このプロジェクトは、多くの準備プロンプトを同時に処理する必要があるシナリオのチャット完了のために、OpenAIまたはAzure APIに並行リクエストを行うことを簡素化します。
このプロジェクトは、レート制限(RPM&トークンTRMの要求)を効率的に管理し、複数の入力の処理を同時に合理化するための堅牢なエラー処理を組み込みます。初心者にとって複雑で面倒な公式並列実装とは異なり、このプロジェクトは、粘り強さやスレッドなどのライブラリを使用して、簡素化された、理解しやすいアプローチを提供します。
このノートブックは、AzureのOpenaiサービスのGPT-3.5 Turboモデルを使用して、金融監査人レポートの文のセンチメント分析を実行します。目標は、各文の感情をポジティブ、ニュートラル、またはネガティブとして分類することです。 Faceのデータセットハブを抱き締める「Auditor_Sentiment」データセットからの1000サンプルのサブセットがこの分析に使用されます。対応する構成ファイルのAPIパラメーターを必ず調整してください
OPENAI_API_KEY= <your_token>またはAZURE_OPENAI_API_KEY = <your_token>という名前のファイルに保存しますこのプロジェクトを開始するために必要なパッケージをインストールして、Jupyterノートブックのカーネルとして仮想環境(MacOS)をセットアップします。
python -m venv myenv
source myenv/bin/activate
pip install -r requirements.txt
python -m ipykernel install --user --name=myenv --display-name= " Python 3.11 (myenv) "他のプロジェクトはOpenaiのAPIと対話するメカニズムを提供しますが、このプロジェクトは、特に並列コンピューティングから新しいユーザーにとって、粘り強さやスレッドなどのライブラリを利用して、シンプルさと使いやすさに焦点を当てています。
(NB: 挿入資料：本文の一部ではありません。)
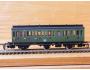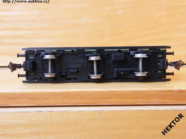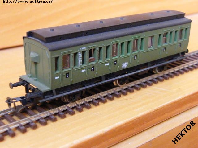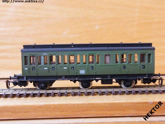 RARITA! Sběratelský model 3osého oddílového osobního vozu typu C3 Pr 07 bez brzdařské budky, DB, 2. třída, epocha III, karosérie stříkaná zelenou, logo DB s rámečkem tištěné bílou uprostřed pod okny na zeleném podkladu, čísla třídy tištěna bílou na černém čtverečku na dveřích oddílů, !!!číslo vozu 71 369 Mst!!! a popisy tištěny bílou vlevo mezi okny na zeleném podkladu, bez směrové cedule, střecha je samostatný výlisek stříkaná černou, kovové černé lávky po celé délce vozu, rámy oken nahoře hranaté a ve dveřích kulaté, v oknech propracovaný plast s hnědými rámy, spodek vozu umělohmotný černý na západky osazený odpadní rourou a dynamem, brzdová soustava součástí spodku vozu. Výrobcem BTTB koncem 80. let, kat. č. 13134. Spřáhla uložená v domečku na spodku vozu typu BTTB s kuličkou černá a kovová dvojkolí. Po zakoupení byl model odložen do vitríny a neježděn, je dlouho neježděn. Bez originální krabičky.
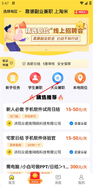 1、在兼职平台首页点击大众兼职选项,进入大众兼职岗位列表页面。
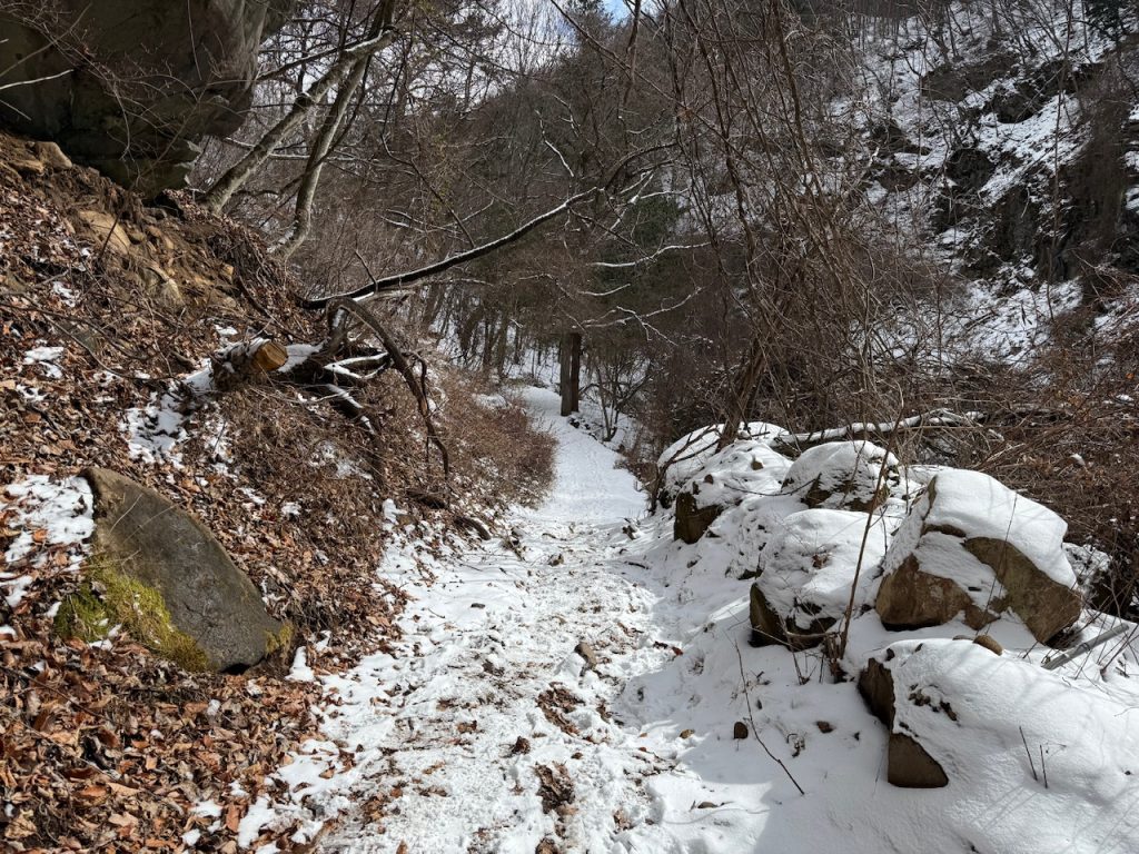 横谷渓谷の遊歩道はこの先もありますが、冬は通行禁止となりここまでとなるようです。
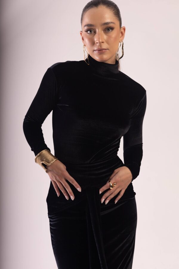 R$310,00Body confeccionado em veludo com elastano. Body apresenta decote assimétrico nas costas e fechamento com botão de pressão.
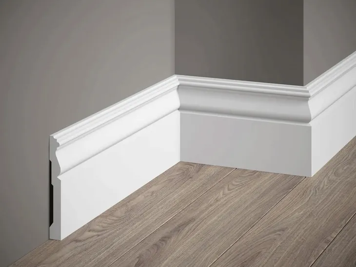 Listwa przypodłogowa MD095 to elegancki profil o charakterystycznym designie przyciągającym wzrok. Listwa jest w pełni wodoodporna, dzięki czemu może być montowana w pomieszczeniach o dużym poziomie wilgotności jak łazienki czy kuchnie. MD095 skutecznie odbija promienie słoneczne, nie powodując zażółceń, odbarwień czy zmian w strukturze materiału. Wysokie parametry techniczne wraz z zastosowaną technologią ScratchShield sprawiają, że listwa przypodłogowa jest wysoce odporna na działanie czynników zewnętrznych jak zarysowania czy uderzenia. Listwa posiada specjalną przestrzeń dedykowaną do ukrywania nieestetycznego okablowania domowego. Została zabezpieczona wysokiej jakości primerem, który wygładza listwę oraz przygotowuje ją na przyjęcie kolejnych warstw farby wodnej.

このスクリプトOpenai-Cookbook/Examples/API_REQUEST_PARLELALLE_PROCERSOR.PYは、OpenAI APIに並行リクエストを行うのに適しています。ただし、すでに同時に準備されている多くのプロンプトを送信したいシナリオにとっては、複雑で面倒な場合があります。このプロジェクトは、そのプロセスを合理化および簡素化することを目的としています。
このプロジェクトの開発を促進したOpenaiおよびAzure APIエンドポイントを提供してくれた人間および機械センターのMax Planck Institute for Human&Machinesに感謝します。
彼らの仕事とさらなる調査の詳細については、Githubと公式ウェブサイトをご覧ください。